Furthermore, one or more computer-readable storage media may be utilized in implementing embodiments consistent with the present disclosure. A computer-readable storage medium refers to any type of physical memory on which information or data readable by a processor may be stored. Thus, a computer-readable storage medium may store instructions for execution by one or more processors, including instructions for causing the processor(s) to perform steps or stages consistent with the embodiments described herein. The term “computer-readable medium” should be understood to include tangible items and exclude carrier waves and transient signals, i.e., be non-transitory.
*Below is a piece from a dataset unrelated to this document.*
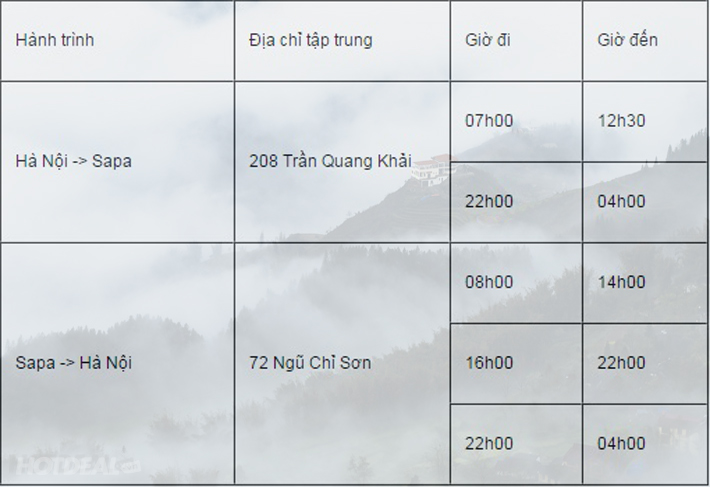 Địa điểm sử dụng voucher: LUXURY VAN SAPA 16 Hang Chinh St, Hoan Kiem Dist, Hanoi, Vietnam

Examples include random access memory (RAM), read-only memory (ROM), volatile memory, nonvolatile memory, hard drives, CD ROMs, DVDs, flash drives, disks, and any other known physical storage media.
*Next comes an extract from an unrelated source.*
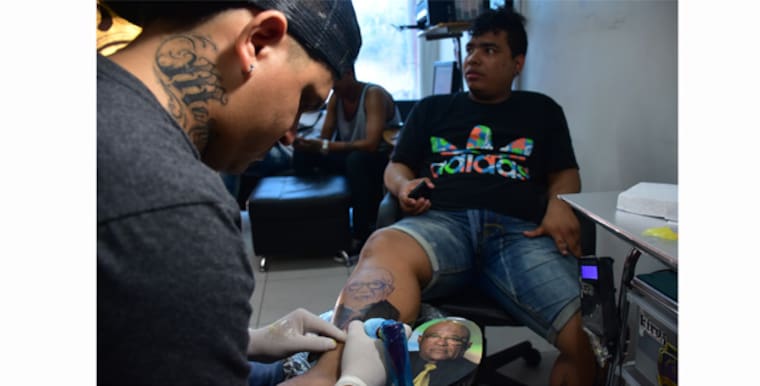 De repente, Pombo suelta una leve carcajada. Lleva dos horas observando el trabajo del tatuador. No se inmuta por el posible dolor que otra persona menos experimentada podría sentir. Este es el segundo retrato que estampa en su piel. El primero fue el del cantante de salsa, Héctor Lavoe, hace dos años. La razón de porqué se lo hizo es semejante a la de esta ocasión: admiración.

It is intended that the disclosure and examples be considered as exemplary only, with a true scope of disclosed embodiments being indicated by the following claims.

Claims

1. A processor implemented method comprising:

receiving, via one or more hardware processors, an input metadata pertaining to an application form, wherein the input metadata comprises a layout mapping of the application form, and a location of the application form;

extracting, by using at least one of one or more vision-based techniques and one or more Large language Models (LLMs) via the one or more hardware processors, one or more field names, and one or more associated field types from the application form;

merging, by using the one or more LLMs via the one or more hardware processors, the one or more field names, and the one or more associated field types with the layout mapping to obtain a mapping list, wherein the mapping list comprises one or more coordinates associated with the one or more field names, and the one or more associated field types; and

generating, by using the one or more LLMs via the one or more hardware processors, a navigation workflow using the mapping list and a task-request obtained from a user, wherein the navigation workflow comprises a sequence of actions for execution of one or more micro-level steps comprised therein and the task-request for handling of the one or more associated field types using one or more screenshots associated with the application form via the one or more vision-based techniques.

2. The processor implemented method of claim 1, wherein the mapping list serves as a textual representation of a visual screen associated with the application form for generating the navigation workflow.

3. The processor implemented method of claim 1, wherein the task-request comprises information to be populated in one or more fields associated with the one or more field names of the application form.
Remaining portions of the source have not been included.